Assigned task: Only the pictures are dropped. Restate each line below word for word.

Source data:
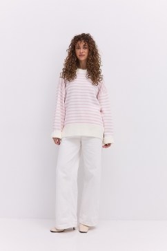 Женский вязаный свитер бежевый с воротником на пуговицах
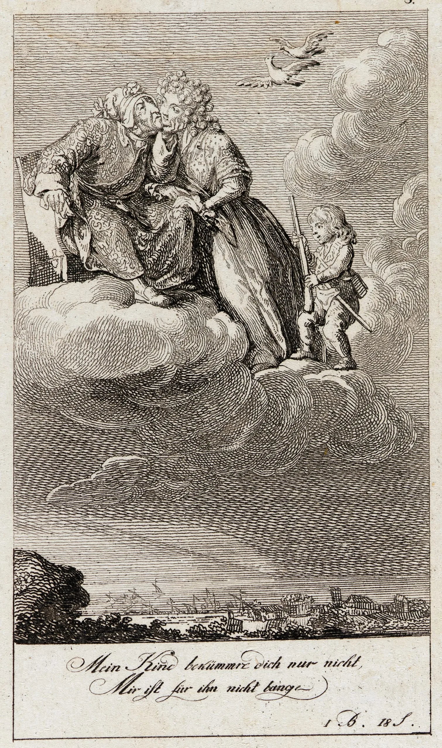 Engraving of two figures in 18th-century dress seated on clouds, leaning toward each other; a small armed child stands nearby on the clouds. A bird flies above, and a town landscape appears below. German script caption at bottom.
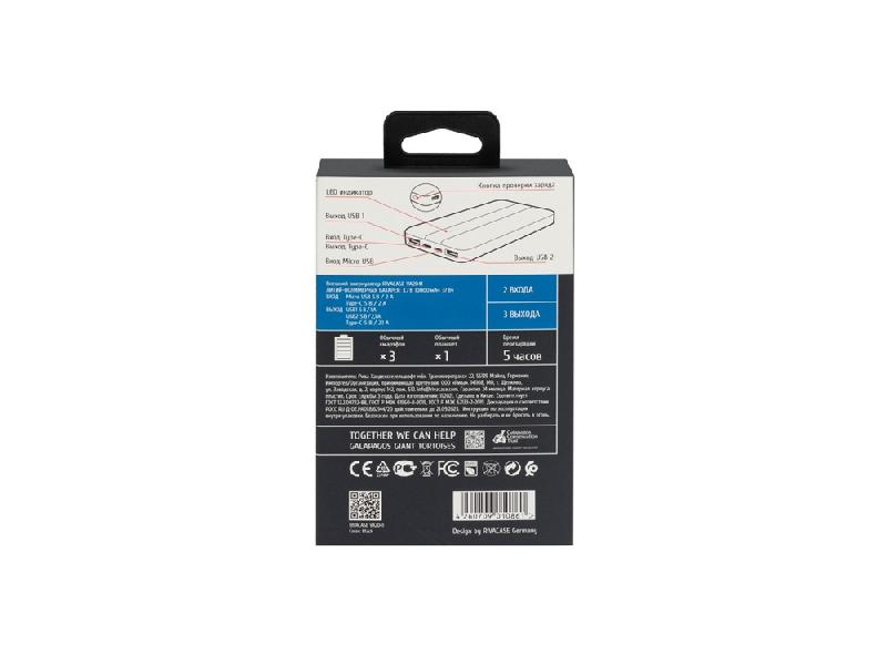 —RIVACASE VA2041 (10000 мАч) внешний аккумулятор, черный 12/48

Exercise answer:
 Женский вязаный свитер бежевый с воротником на пуговицах
 Engraving of two figures in 18th-century dress seated on clouds, leaning toward each other; a small armed child stands nearby on the clouds. A bird flies above, and a town landscape appears below. German script caption at bottom.
 —RIVACASE VA2041 (10000 мАч) внешний аккумулятор, черный 12/48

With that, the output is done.